4.2.1 Le sentiment de honte en situation de rue

Les jeunes de cette figure témoignent de la volonté de rompre avec le sentiment d’humiliation provoqué par le passage à la situation de rue. Si la période de vie avant la situation de rue était empreinte de réussite sociale, la situation de rue est, quant à elle, vécue comme une expérience disqualifiante qui suscite l’humiliation. D’ailleurs, durant les entrevues, ces jeunes ont abondamment parlé de la période avant la rue, au point où il a été difficile, dans certains cas, de distinguer leur point de vue sur leur expérience de rue. Pourtant, au moment des entretiens, tous les jeunes de cette figure ont dit être en

situation de rue. Ce premier constat témoigne de l’importance qu’occupe à leurs yeux cette ancienne période de vie. Pour rendre compte de cette ancienne situation de vie où ils estiment avoir projeté une image sociale de réussite, ils évoquent différentes expériences, notamment une affiliation avec le milieu criminel et une grande activité sexuelle.

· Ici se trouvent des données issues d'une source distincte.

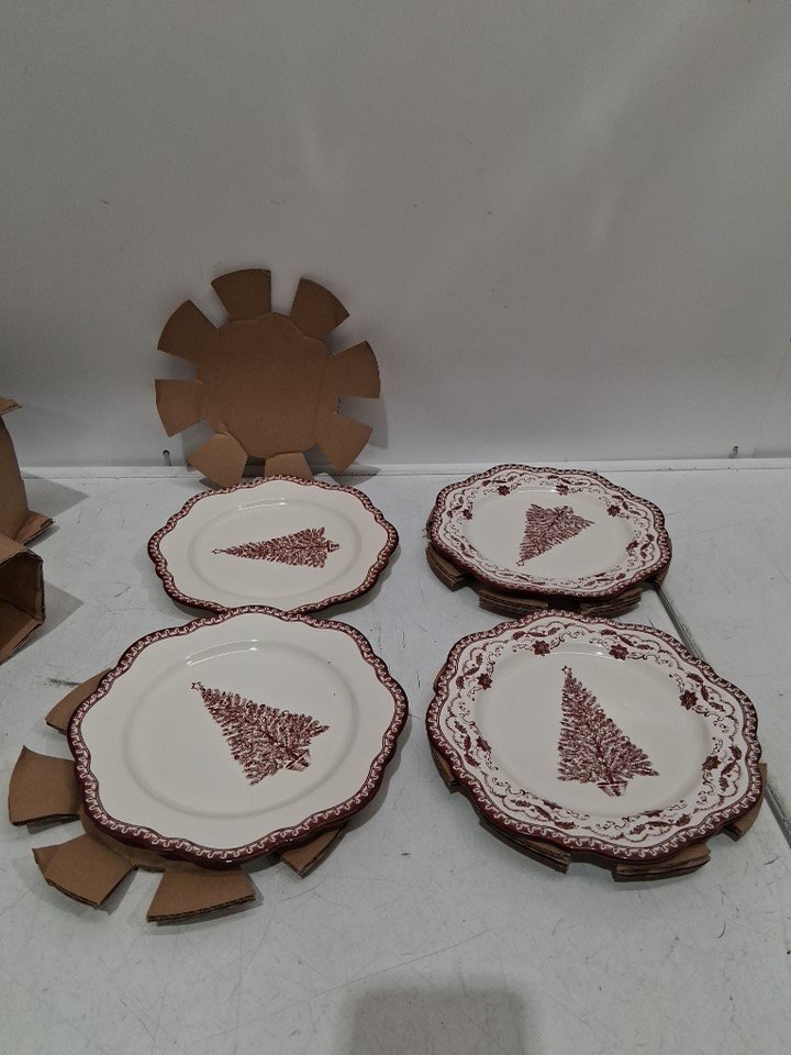 4PK THRESHOLD HOILDAY SALAD PLATES - 8.6" - RED/WHITE

Par exemple, Jack précise avoir été affilié, avant la situation de rue, à un groupe de motard reconnu pour ses activités criminelles. Selon lui, cette affiliation, où la vente de drogues et l’argent étaient monnaie courante, lui a permis de construire non seulement un sentiment d’appartenance, mais aussi de construire une image sociale de réussite.

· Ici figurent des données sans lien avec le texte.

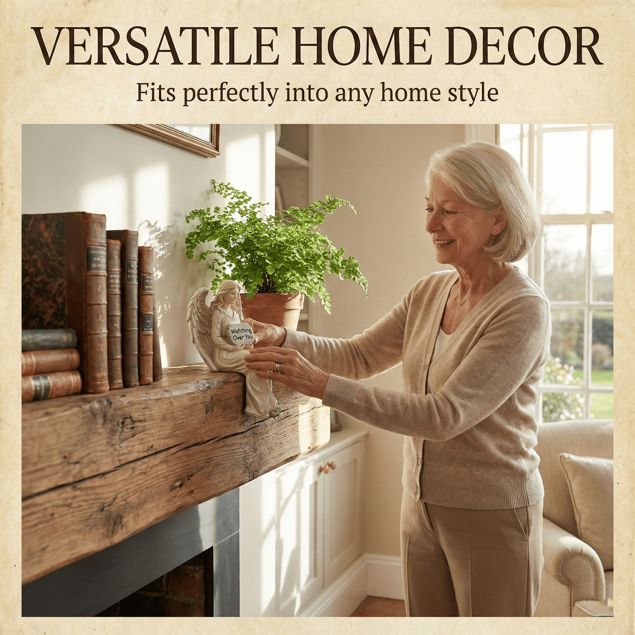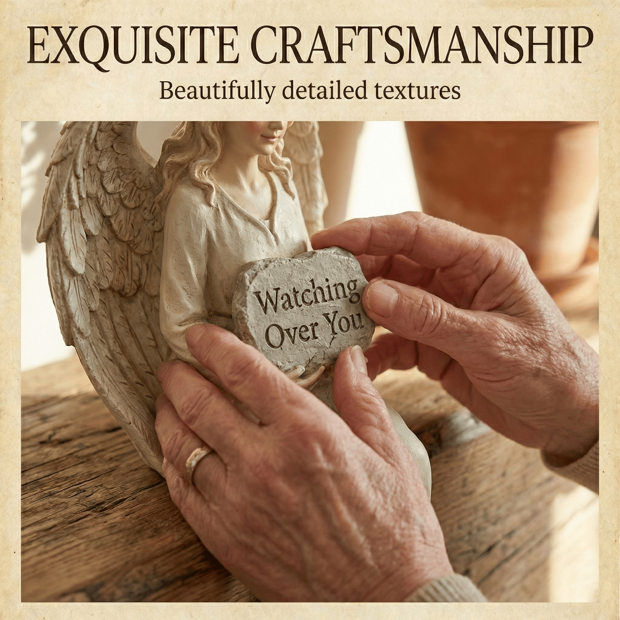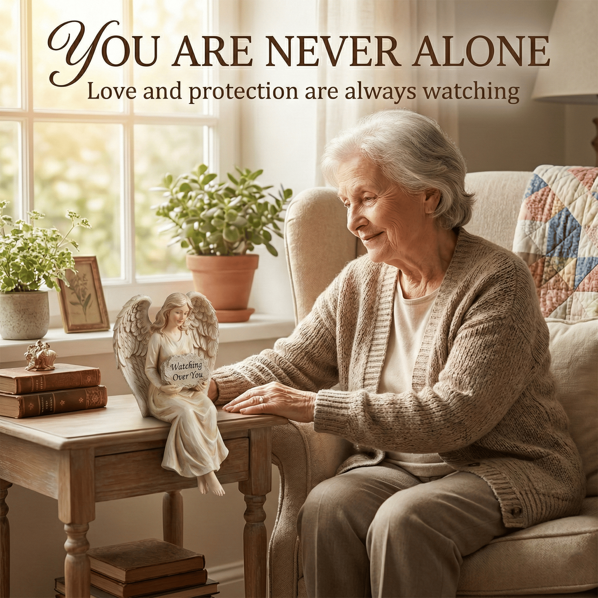 Whether perched on the edge of your computer monitor while you work, sitting on your living room bookshelf, or resting on your bedside table, she is a constant, comforting presence. With her large, detailed wings and a serene expression, she holds a rustic plaque with a simple yet powerful message: "Watching Over You."

Tu sais, je travaillais à temps plein, je vendais de la drogue… [Mon ami et moi], on voyait du monde cool avec des belles filles, qui avaient du beau linge et une auto. On visait haut pas mal. Nous on était des jeunes normaux. On jouait au soccer, mais ça finit que, dans le fond, on voulait faire comme les autres. On voulait faire un peu hot… Alors, on a rencontré du monde qui était haut placé, on a travaillé pour les Hells Angels. Tu sais, on avait 15 ans. Il y avait une fille, c’était notre boss. C’était une coiffeuse. Elle venait nous voir et elle disait : « Tiens, [cette drogue-là] est pour toi. Tu me dois tant [d’argent] ». Elle nous aimait bien. Elle nous avait pris sous son aile. (Jack, 25 ans)

De la même manière que d’autres jeunes de cette figure, Jack raconte que c’est par l’entremise de cette image sociale de réussite qu’il a fait l’expérience de nombreuses activités amoureuses et sexuelles. En effet, Jack rapporte avoir vécu au moins cinq relations amoureuses avant la situation de rue. Ces relations étaient de durée variable (de quelques mois à quelques années), mais ont toutes été construites sur la base d’une réciprocité amoureuse. C’est durant les moments où il était célibataire qu’il indique avoir fait l’expérience de plusieurs partenaires sexuelles. Pour décrire cette période, il désigne ses partenaires sexuelles par l’expression de « trophées de chasse ». En plus de témoigner d’un détachement affectif, cette formulation évoque une certaine fierté d’avoir su plaire aux jeunes femmes. D’ailleurs, questionné sur son charme personnel, Jack explique avoir possédé d’importantes compétences de séduction avant la situation de rue. Comme la plupart des jeunes de cette figure, les propos de Jack illustrent ainsi la présence d’un certain pouvoir de séduction qu’il n’a toutefois pas réussi à conserver avec le passage à la situation de rue.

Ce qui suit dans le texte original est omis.